Однако прямые межазиатские связи сыграли незначительную роль в формировании нового понимания, которое возвело ранее чужого Будду в ранг почитаемого национального мудреца. Подобные интроспективные размышления о прошлом буддизма в Индии были связаны с националистической концепцией Будды, которая в конечном итоге нашла свое выражение на флаге независимой Индии, где Колесо Чакр было скопировано с колонн, высеченных для древнего индийского буддийского императора. Тем временем мусульманские экзегетические наследники аль-Касими пытались найти место для Будды в Коране и таким образом сформулировать значения религиозных различий, которые были бы больше, чем повествования о нациях. Здесь они обратились к словам своего собственного Писания: "О люди, поистине, Мы сотворили вас из мужчины и женщины и сделали вас народами и племенами, чтобы вы знали друг друга".

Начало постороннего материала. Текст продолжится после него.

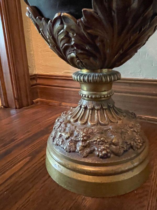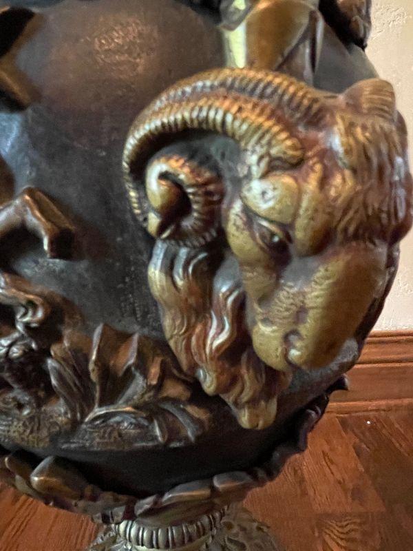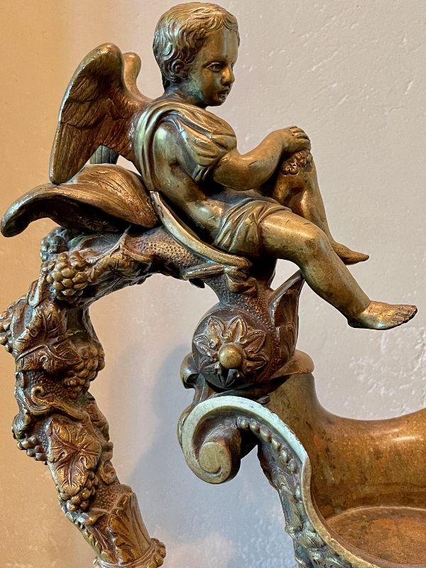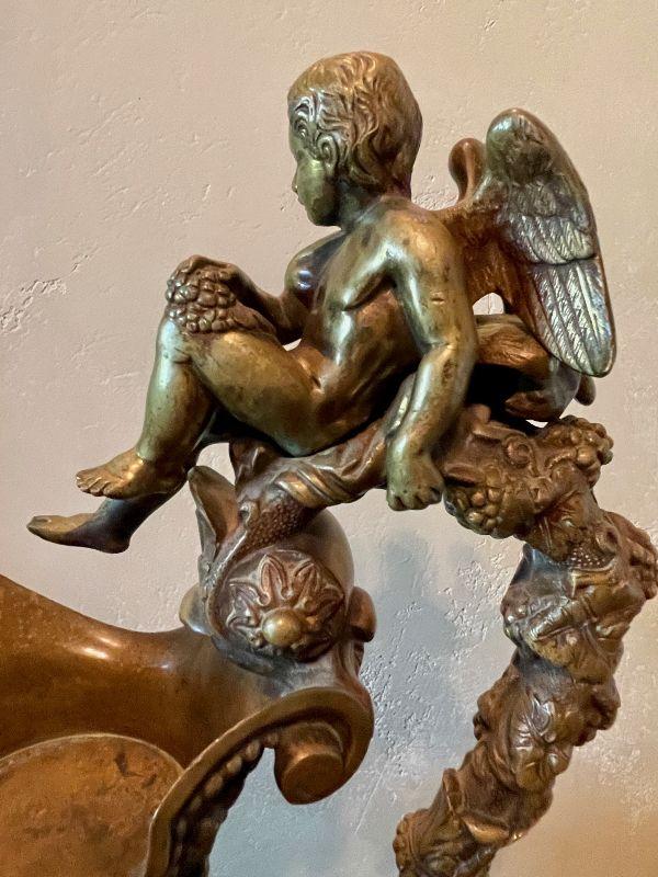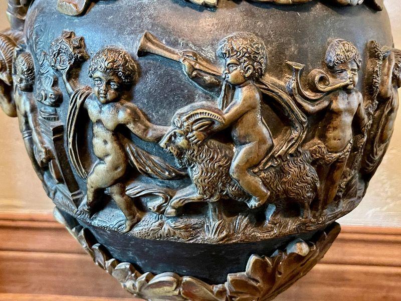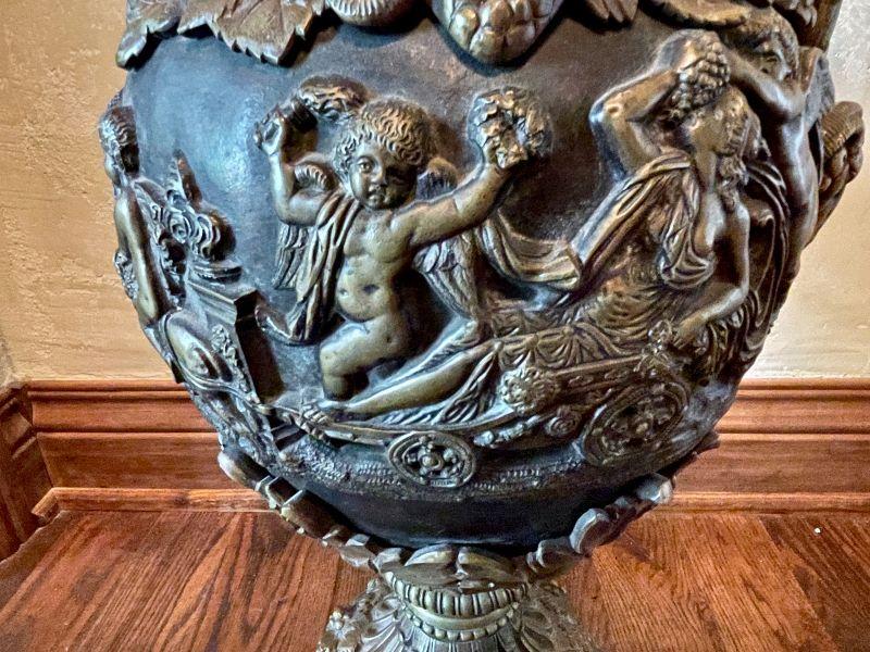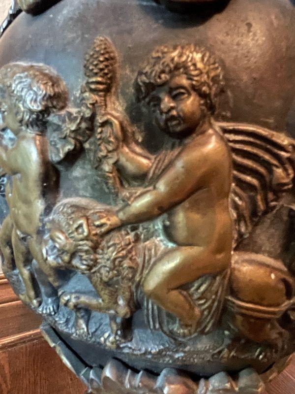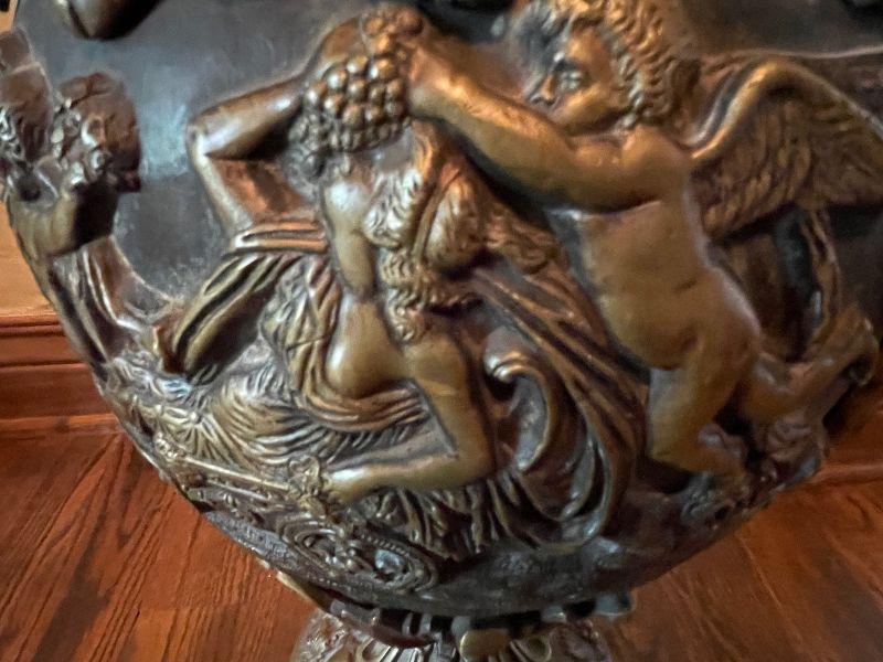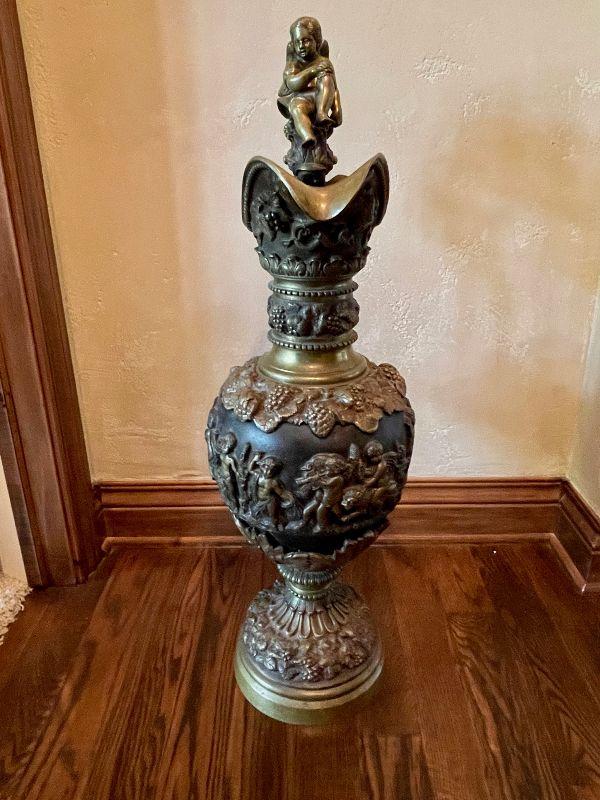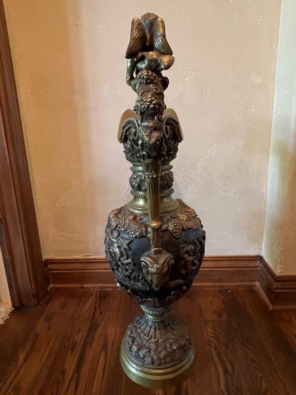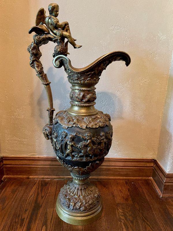 Monumental Greek Baroque ewer features bronze construction with all-over high relief featuring grape and vine decoration with cherub scenes. the handle of which is crowned with a Putti seated on a leafy thrown. The frieze surrounding the body of the piece too is peopled with putti blowing trumpets and celebrating natures gifts, including bunches of grapes and acanthus leaves. This grand antique bronze decorative ewer is quite impressive. The workmanship and time and expert craftsmanship in this piece is stunning. At nearly 3' tall, this substantial piece weighs over 80 lbs. Please see detailed photos.

Глава 3. Уроки Японии между Индией и Ираном
В последние десятилетия XIX века, после почти двух с половиной столетий изоляции в результате политики сакоку или "закрытой страны", проводимой сёгунатом Токугава, порты Японии были открыты для внешней торговли. Хотя толчком к этому послужило прибытие в 1854 году американской морской экспедиции под командованием коммодора Мэтью Перри через Тихий океан, новые связи с Азией не заставили себя ждать. Описывая британский пароход P&O, на котором он отправился в Иокогаму всего десятилетие спустя, в 1864 году, немецкий археолог Генрих Шлиман (1822-1890) отметил в своем дневнике: "Команда нашего гребного парохода состояла из китайцев, малайцев, матросов-ласкаров (индусов из Бомбейского региона), коренных жителей Манилы, англичан, арабов из Мокхи и черных африканцев из Занзибара." Его слова отражают человеческое измерение имперских инфраструктур, которые быстро связали японские порты с их колониальными партнерами в Юго-Восточной Азии, на Ближнем Востоке и особенно в Индии. К концу века Япония присоединилась к морским торговым сетям всей Азии. В нее были вовлечены не только европейские компании из Британской Индии, французского Индокитая, императорской России и голландской Ост-Индии. Среди многочисленных индийских купцов, обосновавшихся в Японии, были богатые индуистские компании из Синда, а также мусульманские фирмы Мемон и Ходжа из Гуджарата, которые уже доминировали в торговле с Бирмой и Цейлоном. Даже иракские еврейские торговые дома стали крупными игроками, особенно Sassoon & Company, которая ранее перебралась из Басры в Бомбей. За ними последовал ряд процветающих иранских купцов.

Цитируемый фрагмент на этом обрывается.